What I thought: 4 bit adder means 4 full adders working in parallel (carry look ahead). Each full adder has one EXOR gate.
Before the full adder could actually start, the carry has to be generated.
Carry is generated using AND gates at level 1 and OR gate at level 2. Thus, 20ns will be the time taken to generate all the carry bits.
Then full adder (EXOR gate) will take 20ns. Thus, all the sum bits will be generated in 40ns in total.
Please correct me where ever I am wrong.

Answer 1

For 4 bit addition(A4A3A2A1 + B4B3B2B1), the final carry term C4 will be the one that will take most time

C4 = G4 + G3P4 + G2P3P4 + G1P2P3P4 + C0P1P2P3P4
(where, C0 is the initial carry;    Gi = AiBi;   Pi = Ai XOR Bi )
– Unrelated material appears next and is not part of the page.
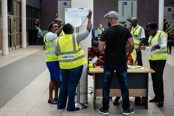 工作人員布置召集標識牌。 新華社

C0P1P2P3P4 is the biggest term
To produce it - the first level will have XORs for P terms
then we'll need a 3 level AND system(considering that all gates have a fan-in of '2' )
here, 1 XOR + 3 AND = 20 + 30 =50ns

Then finally this term is also in OR with other Sum-of-product terms
so 50 + 10 = 60ns
(We don't have to consider the OR levels for 2-fan-in ORs, as the rest of the terms will be ready before this big term)

Please correct me wherever I'm wrong